On Wed, Mar 15, 2017 at 09:09:11PM +0100, Robert Raszuk wrote:
> > - IXPs tend to get a rather entertaining mish-mash of equipment... and
> thus bugs.
> +
> > Please enlighten yourself what people use "as peering router" today :-)
> 
> While this is GROW question ... perhaps it would be very helpful to get
> some more real data on what type of routers customers of the IX use to peer
> within IX ? Why such equipment is considered at best as 2nd class citizen ?

"What people can afford, and which can barely keep up with the demand".

So, you'll still find Cisco Sup720 or Juniper MX80 as peering routers -
reliable workhorses as far as forwarding capacity is concerned, but CPU 
starved (= keep the number of BGP sessions down if you want any
semblance of stability), and unfortunately also with centralized BFD
(at least on the Cisco).


> For my BB IX peerings I would in fact put the best routers to peer outside
> of my network on the edge - not just some junk or homebrew bgp/igp.

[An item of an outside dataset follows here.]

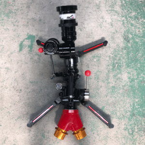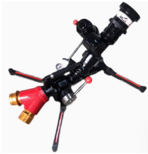 该炮可以手动控制与自摆转换快速切换,射程远,配有流量自动调节炮头,当流量压力较小时,仍能保持一定的喷射距离。体积小,移动方便,操作简便,机动性强,非常适用于各类大中型石油化工生产基地、各类易燃易爆、有毒有害火灾、各种大中型建筑的火场抢险救灾。炮体采用轻质铝合金材质,表面硬质阳极氧化后喷漆处理;炮脚锻造铝合金材质黑色氧化处理,4只支撑脚可折叠便于存放,拉开脚撑可定位作业,且脚撑拉开、折叠都有弹簧卡扣定位.防滑钨钢钉,脚撑上都装有防滑钨钢钉,防止水炮在作业过程中滑动,配有直杆式开关,可快速开启或关闭水流;
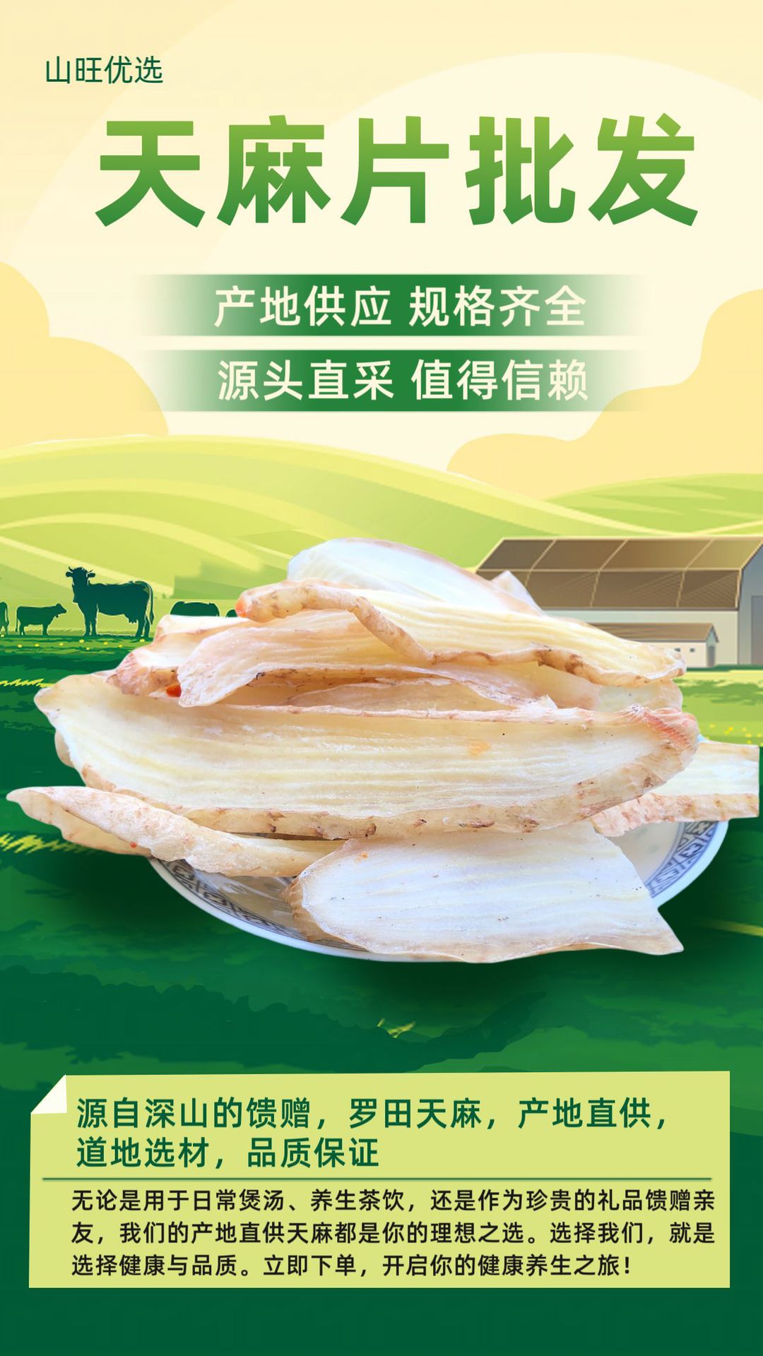 源头现货批发干货天麻片1000克中药材批发天麻片大货供应量大价优

If you keep buying "best of breed" boxes every 3 years, while the 
competition keeps chugging along with half the CAPEX needed, your
customers will wander over, and you'll have to reconsider.

For a "smallish" ISP over here, a "fat pipe" to an IXP is 10Gbit/s or
maybe 20 Gbit/s - so if you need to by a US$ 50k router for that,
every 3 years, it does quite add to the peering costs.

We typically have budget to forklift IXP routers every 8-10 years...
bandwidth growth isn't that fast anymore, so "nice and shiny" today
will be "old and crappy" in 6 years, but as long as it keeps working,
it will be kept around.


It's not like "peering routers are treated second-class", more like
"the market expects that this all costs nothing" - so *inside* the
networks, "proper routers" get replaced by "dumb and fast" P-routers
with little/no BGP, to save even more CAPEX.

Gert Doering
        -- NetMaster
-- 
have you enabled IPv6 on something today...?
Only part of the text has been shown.